Wang Zhenkun, Yao Shunyu, Li Genghui, Zhang Qingfu
IEEE Trans Cybern. 2024 Mar;54(3):1984-1996. doi: 10.1109/TCYB.2023.3312476. Epub 2024 Feb 9.
This article proposes utilizing a single deep reinforcement learning model to solve combinatorial multiobjective optimization problems. We use the well-known multiobjective traveling salesman problem (MOTSP) as an example. Our proposed method employs an encoder-decoder framework to learn the mapping from the MOTSP instance to its Pareto-optimal set. Specifically, it leverages a novel routing encoder to extract information for both the entire multiobjective aspect and every individual objective from the MOTSP instance. The global embeddings and each objective's embeddings are adaptively aggregated via a routing network to form the subproblems' embedding that can well represent the MOTSP features. Using a modified context embedding, the subproblems' embeddings are fed into a decoder to produce a set of approximate Pareto-optimal solutions in parallel. Additionally, we develop a Top-k baseline to enable more efficient data utilization and lightweight training for our proposed method. We compare our method with heuristic-based and learning-based ones on various types of MOTSP instances, and the experimental results show that our method can solve MOTSP instances in real-time and outperform the other algorithms, especially on large-scale problem instances.

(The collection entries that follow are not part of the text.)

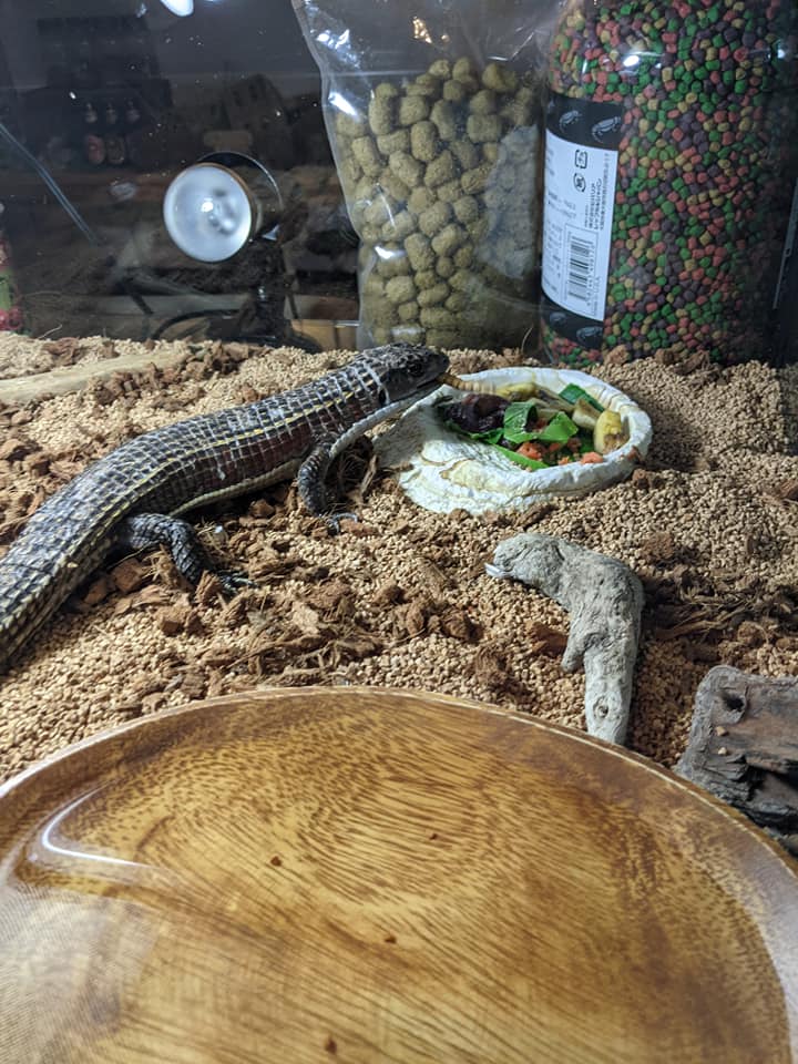 トカゲ初心者にはこちら。価格も手ごろで扱いやすく、比較的強い種類のオニプレートトカゲ。初心者用かぁと思いきや、ご飯を食べる可愛いお顔にもうハート撃ち抜かれました👼
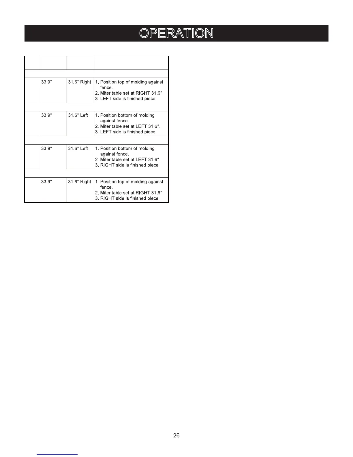 Porter-Cable PXMS12ISB - OPERATION (Cont.); Molding Angle Settings
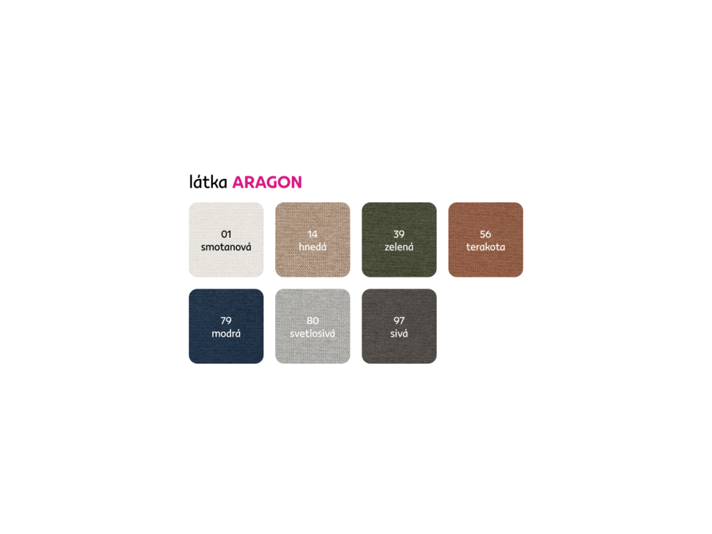 Ponúkame vám možnosť vybrať si zo 7 farebných prevedení látky Aragon za cenu 779 Eur. Pri individuálnej objednávke je potrebné zaplatiť 20% zálohu z danej sumy. Po uhradení zálohy bude Vaša požiadavka zadaná do výroby. Dodacia lehota 6-8 týždňov.
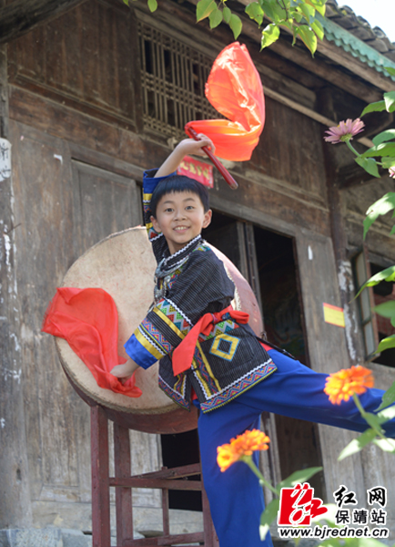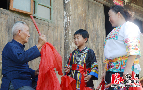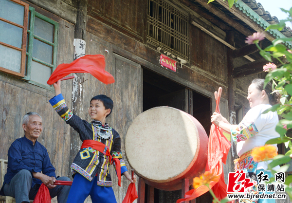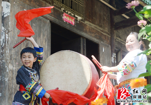 红网保靖县分站9月13日讯(记者 易果 张承印 张坤)为了迎接党的十九大召开以及60周年州庆,保靖县葫芦镇米塔村,《苗族鼓舞》国家级代表性传承人洪富强与鼓弟子龙梅翠(女)、以及龙梅翠的儿子彭博一起跳起苗族鼓舞,以特别的方式喜迎盛事。
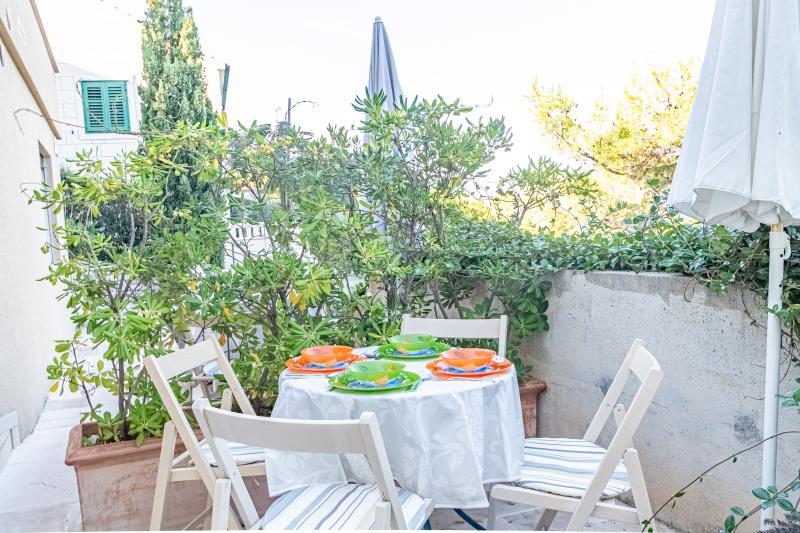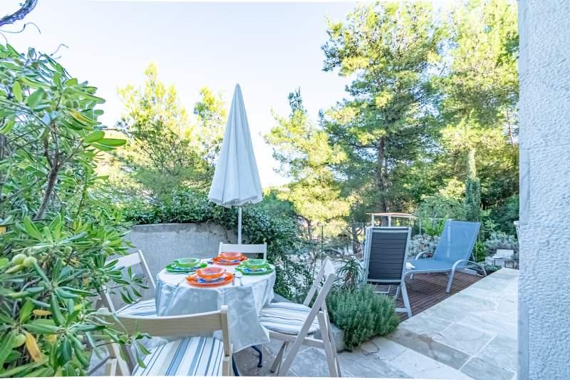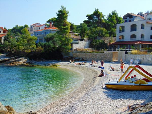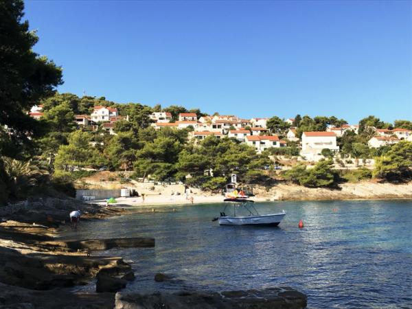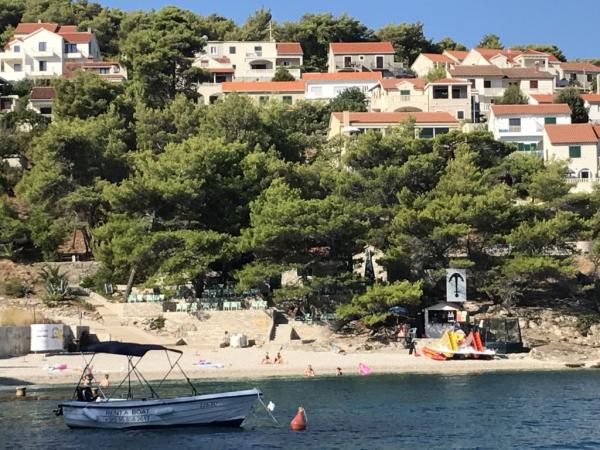 Turistička pristojba je uključena u cijenu.Vila Inga smještena je u uvali Mala Lozna. U neposrednoj blizini apartmana nalazi se caffe bar smješten na stijeni koji se vrlo lijepo uklapa u prirodno okruženje i čije terase se pružaju sve do šljunčane plaže prikladne za cijelu obitelj na kojoj postoji mogućnost najma ležaljki, suncobrana i tuš. Nekoliko koraka dalje počinje stjenovita obala uz koju se može uživati u moru i kupanju u puno intimnijem okruženju. Ispred Vile prolazi cesta kroz borovu šumu i uz more koja vodi do uvale Lovrečina - idealna za vožnju biciklom, šetnje, jogging i sl. 100 metara dalje, nalazi se odlično opskrbljeni supermarket sa izvrsnom ponudom hrane, pića i kućanskih potrepština. Do centra Postira stiže se za 20-tak minuta, laganom šetnjom uz obalu mora.
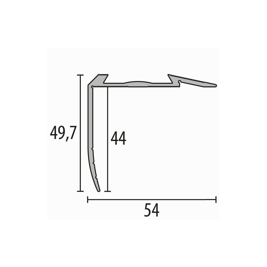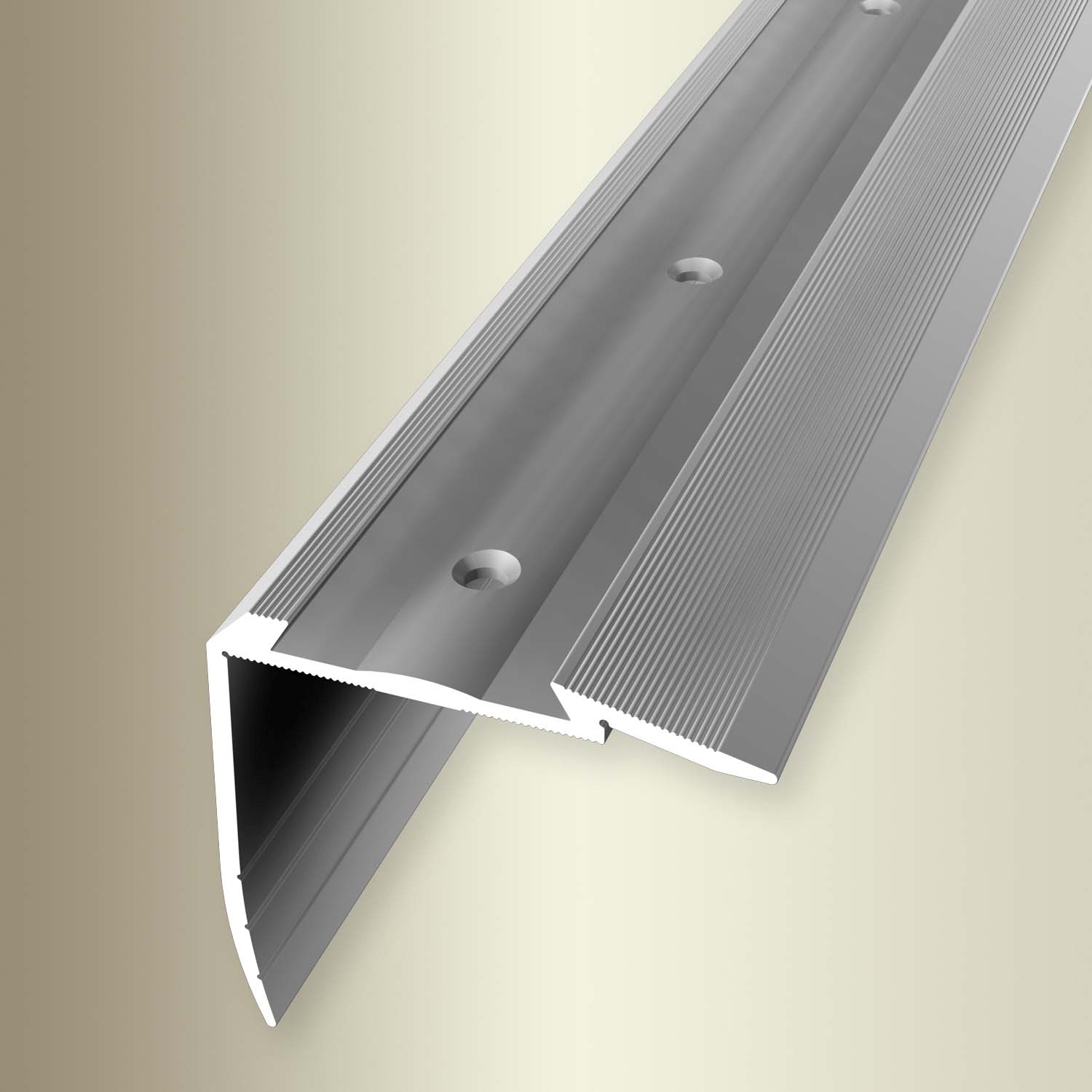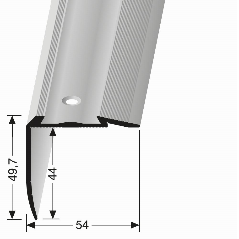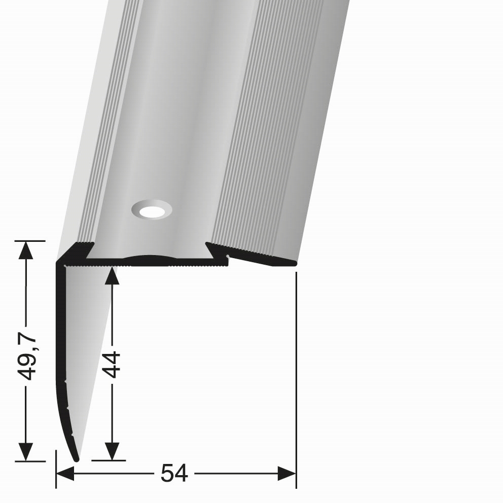 Treppenkantenprofil 49.7 x 54 x 2500 mm Aluminium Winkelprofil Geriffelt Versenkt Gebohrt Küberit

本文提出利用单个深度强化学习模型来解决组合多目标优化问题。我们以著名的多目标旅行商问题(MOTSP)为例。我们提出的方法采用编码器 - 解码器框架来学习从MOTSP实例到其帕累托最优集的映射。具体而言,它利用一种新颖的路由编码器从MOTSP实例中提取整个多目标方面以及每个单独目标的信息。全局嵌入和每个目标的嵌入通过路由网络进行自适应聚合,以形成能够很好地表示MOTSP特征的子问题嵌入。使用修改后的上下文嵌入,将子问题的嵌入输入到解码器中,以并行生成一组近似帕累托最优解。此外,我们开发了一种Top - k基线,以实现更高效的数据利用和我们提出方法的轻量级训练。我们在各种类型的MOTSP实例上,将我们的方法与基于启发式和基于学习的方法进行比较,实验结果表明,我们的方法可以实时解决MOTSP实例,并且优于其他算法,特别是在大规模问题实例上。